New York Fed looks at risks of mortgage trusts
MReits could be vulnerable to a sharp increase in interest rates
Jeremy Stein, governor of the US Federal Reserve, warned about the risk of MReits. Photograph: Andrew Harrer/Bloomberg
Regulators at the New York Fed have been investigating the exposure of banks to a type of mortgage investment vehicle that has proliferated since the financial crisis amid concerns that a rapid rise in interest rates could trigger a sell-off.
The private discussions, described by one person as a “deep dive” into the topic, underscore regulators’ growing concerns about the rapid expansion of mortgage real estate investment trusts.
MReits finance their purchases of long-term mortgages with short-term borrowings, known as repo, secured from dealer banks.
The worry is that MReits could be vulnerable to a sharp increase in interest rates which would force the vehicles to reduce quickly their holdings of mortgage- backed securities and set off a wider firesale.

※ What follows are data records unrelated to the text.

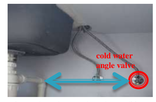
Fig.3 - Photo that can show the conditions of the cold water angle valve and the distance between the angle valve and the fixed settings of its surroundings (like water pipe, gas pipe etc.), to see if they will affect the installation work.

Step 2: Send all the above mentioned photos and the photo of Receipt of buying 3M Water Filters from AAHL authorized retailers, along with your contact details and service address to (852) 9275 8082 via WhatsApp
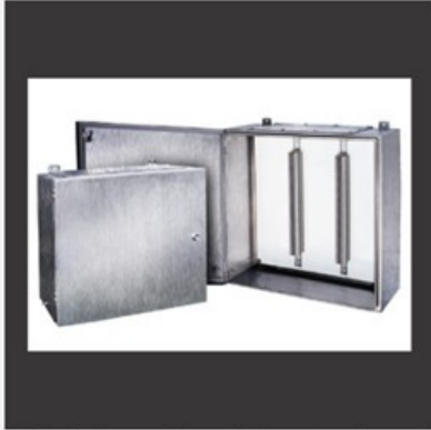
Stainless Steel Control Panel
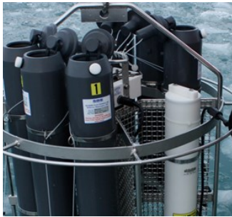
Ocean Acidification in Glacier Bay > ARTICLE
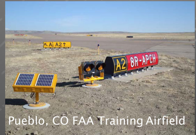
Pueblo, CO FAA Training Airfield
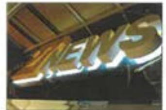
Pictured above: ABC27 News Studio in the York Galleria Mall.

The studio had a specially designed storefront system created by ABC27, eciConstruction, and the York Galleria's design architect.
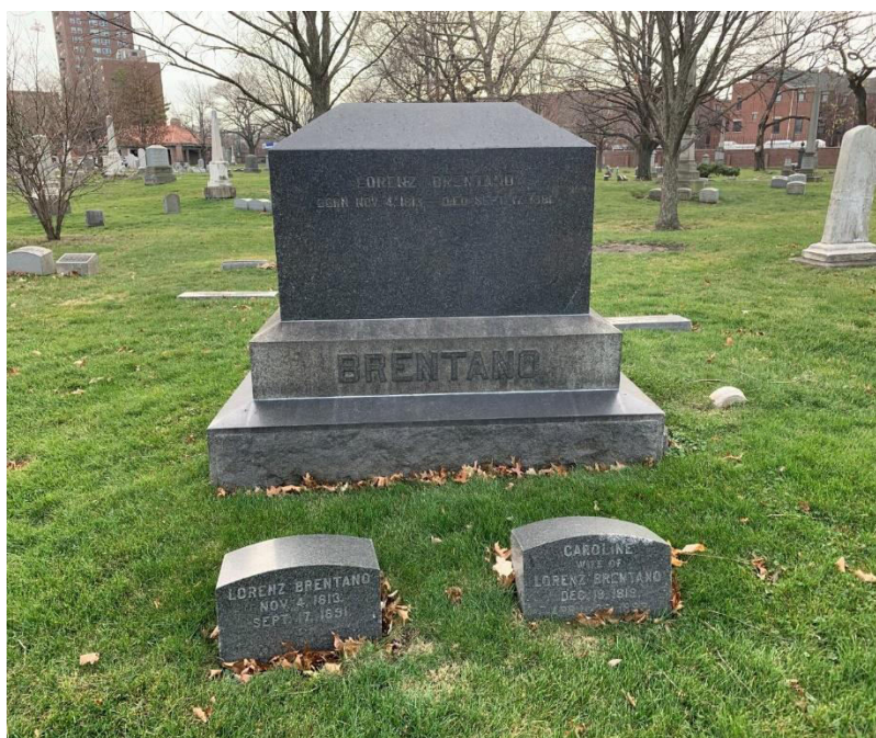
Figure 9. Gravesite of Lorenz Brentano and Family at Graceland Cemetery, Chicago.
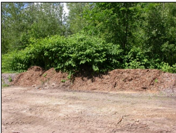
Wood chips containing Japanese knotweed
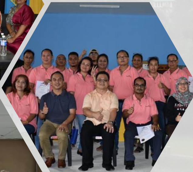
JKKK Sebayor, Kota Samarahan
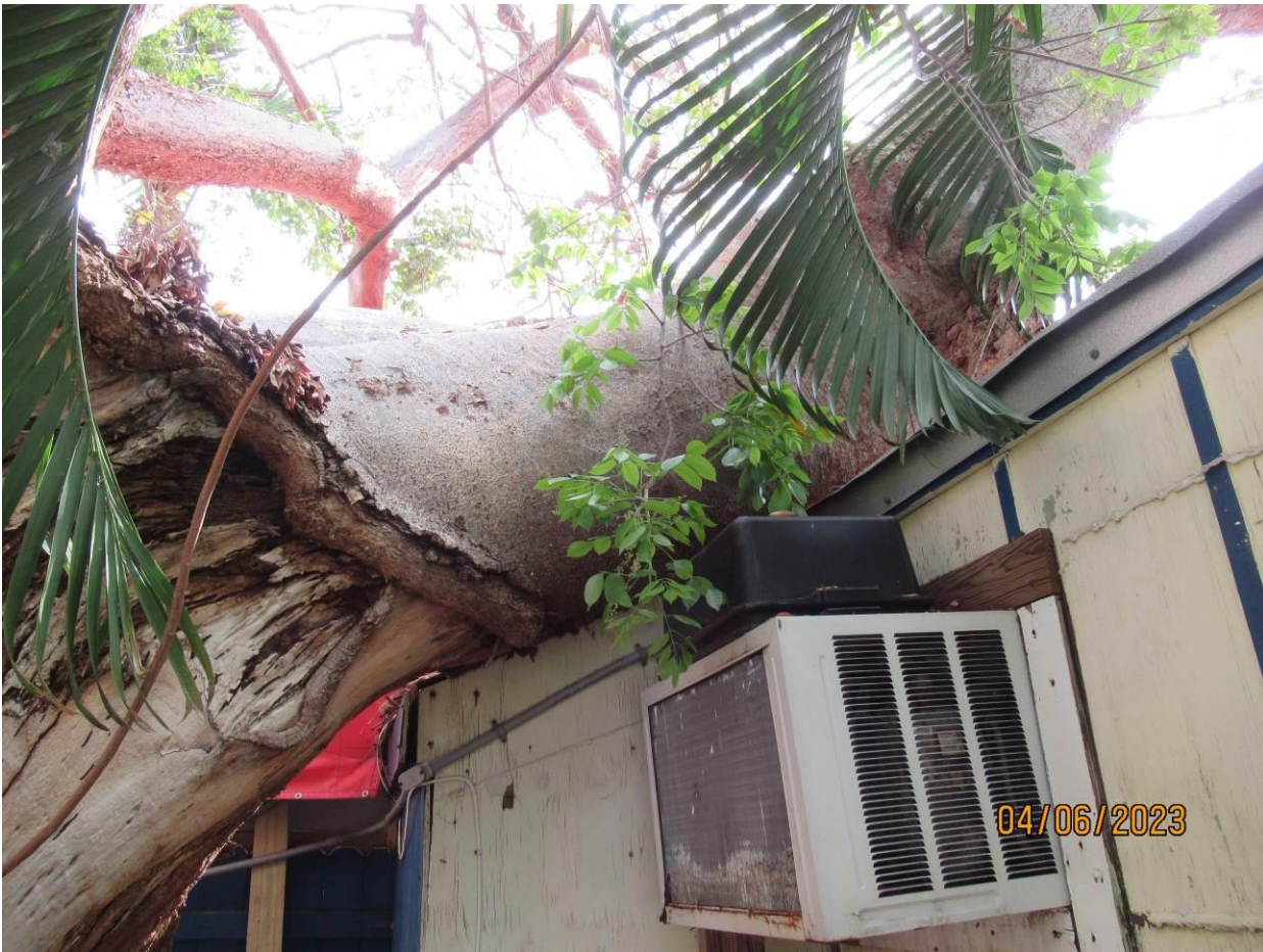
Two photos showing one main canopy trunk that is sitting on structure, views 1 & 2.
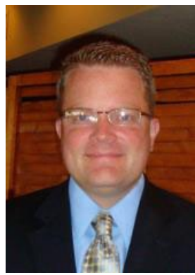
Lawrence Jayhawk New Members L-R:
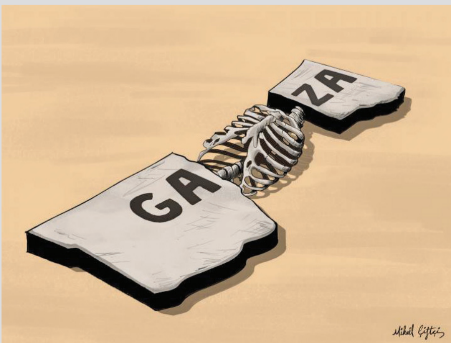
Starvation in Gaza Cartoonist: Mikail Çiftçi from Turkey
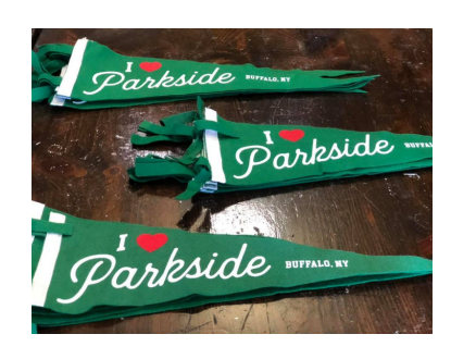
PCA Pennants 1 for $15 2 for $25
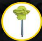
Super Mini BuffBall
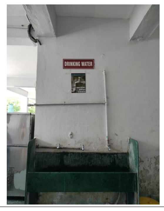
DRINKING WATER FACILITY
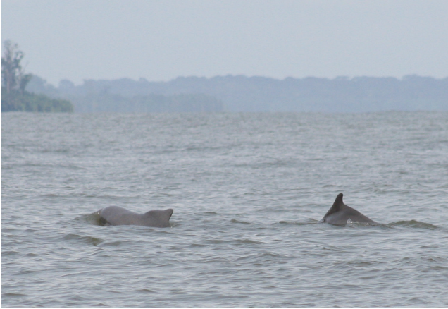
FIGURE 2: Two adult Cameroon dolphins Sousa teuszii , part of a small group of ca. 10 individuals foraging nearshore at Bouandjo, 17 May, 2011. This is the first authenticated sighting and the first evidence since 1892 of the presence of S. teuszii in Cameroon.
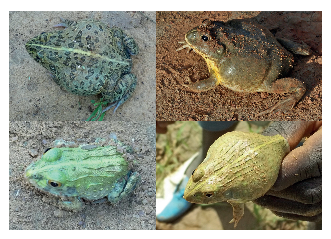
Fig. 7. Four specimens of Pyxicephalus sp. from between Mopti and Sévaré, Mali, to show the variability in color pattern. The specimen on lower left is a juvenile (not on scale).
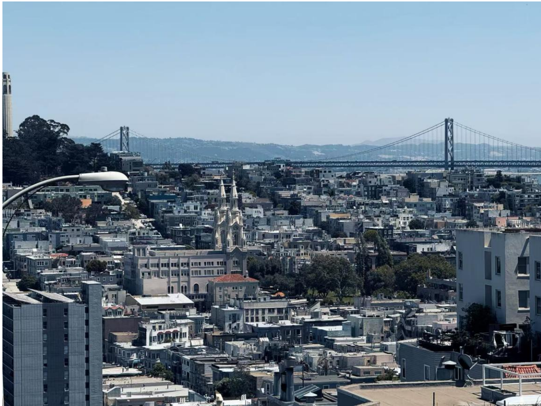
Figure 7: View from above

We also went to the northwest part of the city to take in the view from above and enjoy the cityscape.
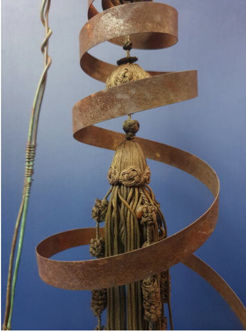
FIGURE 8A Elsa von Freytag-Loringhoven, Limbswish , c. 1917–1919. Metal spring, curtain tassel, and wire mounted on wood block. Height with base 55.1 cm MARK KELMAN COLLECTION. VENICE BIENNALE EXHIBITION PHOTOGRAPH BY JENNIFER ASHBY, VIA TWITTER, 29 APRIL 2022
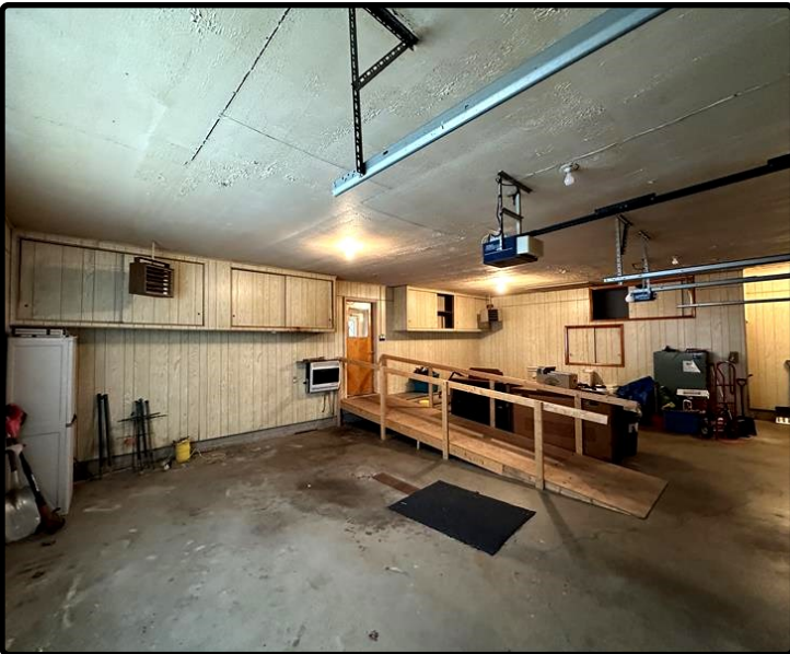
Parcel 8 - Garage
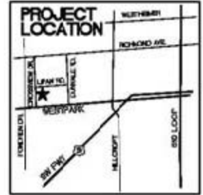
LOCATION MAP NORTH
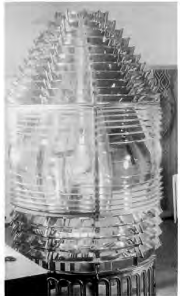
A third order lighthouse lens on exhibit in the lighthouse keeper's quarters.

The other treatment most often requested is that the brass support structure be returned to some previous appearance by repolishing it. The problem with polished copper alloys is that either constant maintenance or a brass coating that protects it from further corrosion is required to
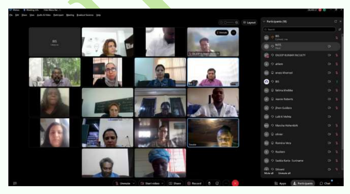
Online ITP on Laboratory Quality Management System
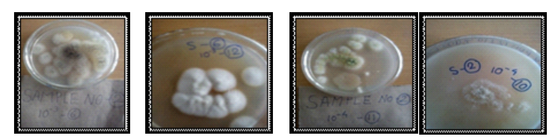
Fig. Isolated organism from Soil, Collection Date :- 08/07/2016

A patch of land that develops pools of water after a rain storm would not be considered a "wetland" even though the land id wet. Wetlands have unique characteristics: they are generally distinguished from other water bodies or landforms based on their water level and on the types of lands
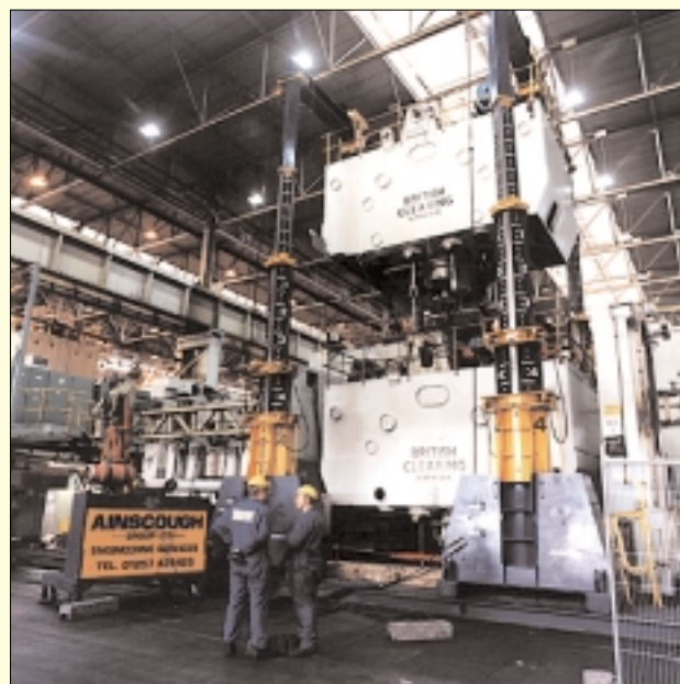
Ainscough recently helped car giant Jaguar at Halewood in Merseyside with a refurbishment programme. Part of this work involved the exchange of 120 tonne press crowns. Ainscough used the 900 series Lift'n'Lock octagonal boom gantry which made light work of the lift. The accurate positioning of the column keyways was made possible utilising the system's 12 metre lifting height and unique side shift facility.

summer following financial difficulties, could be broken up and sold piece by piece this side of the calendar year. "We have had discussions with a prospective purchaser, but things are going much more slowly than we hoped," he added.
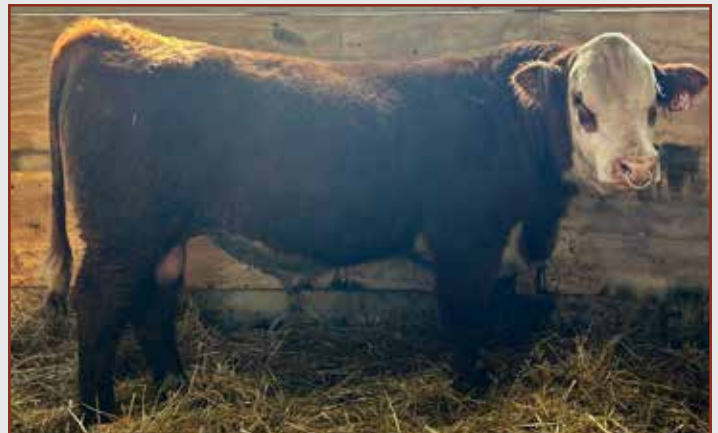
Lot 11 — POH MIDNIGHT RIDER LEDGEND
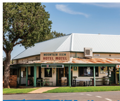
MOUNTAIN VIEW ENJOY A HOME-COOKED MEAL AND ICE-COLD DRINKS IN THE FRIENDLY MOUNTAIN VIEW HOTEL.
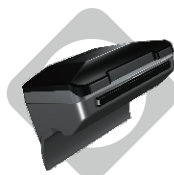
Smart Card Reader(CAC) + GPS
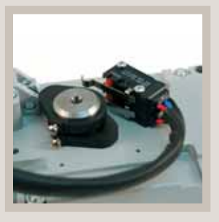
Electromechanical opening and closing limit switches included
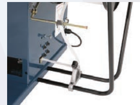
Auto strap feeding
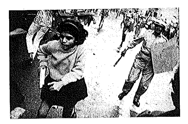
44 Repression of a Black Panthers' demonstration, Jerusalem (1971): Photograph by Shimshon Wigoder

ish colonialism while also practicing colonial policies toward the indigenous peoples. Finally, I would argue for a triangular structural analogy by which the Palestinians represent the aboriginal "Indians" of Euro-Israeli discourse, while the Sephardim or Mizrahim, as imported cheap labor, constitute the "blacks" of Israel.28 (Taking their name from the American movement, the Israeli "Black Panthers," for example, sabotaged the myth of the melting pot by showing that there was in Israel not one but two Jewish communities—one white, one black; figure 44.) The manifest Palestinian refusal to play the assigned role of the presumably doomed "Indians" of the transplanted (far) Western narrative has testified to an alternative. The story of the Jewish victims of Zionism also remains to be heard.<sup>29</sup>
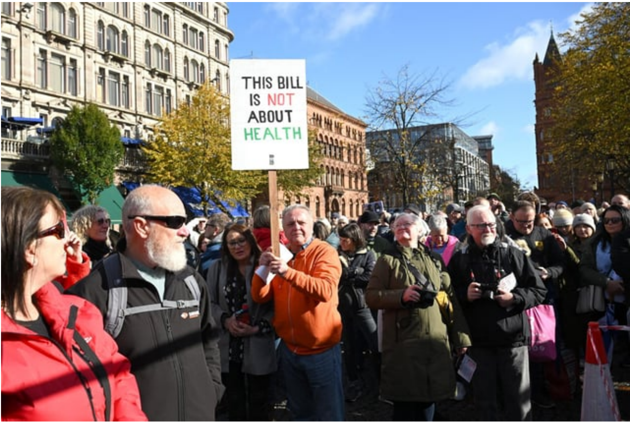
Protestors pictured at Belfast City Hall against the NI Public Health Bill.
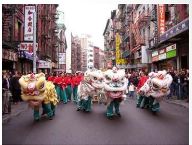
"Little Italy" Neighborhood •
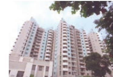
Nagarjuna Maple Height Off Marathahalli - K R Puram Ring Road
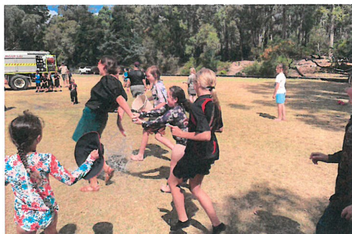
Below: Got her! Direct hit!
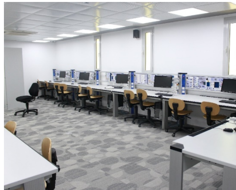
Computer Engineering Lab

That could potentially lead to further problems in the vast $4.5 trillion repo market, where big banks also secure large amounts of funding by pawning their mortgage- backed and other securities.
“In the spring they came into a lot of the banks and kind of did a deep dive in that topic,” one person familiar with the discussions said.
MReits have been on regulators’ radar at least since February when Jeremy Stein, Fed governor, spoke about the possibility of overheating in credit markets. In the speech, Mr Stein described MReits’ reliance on short-term repo borrowing to finance their longer-term MBS purchases as “essentially a levered carry trade”.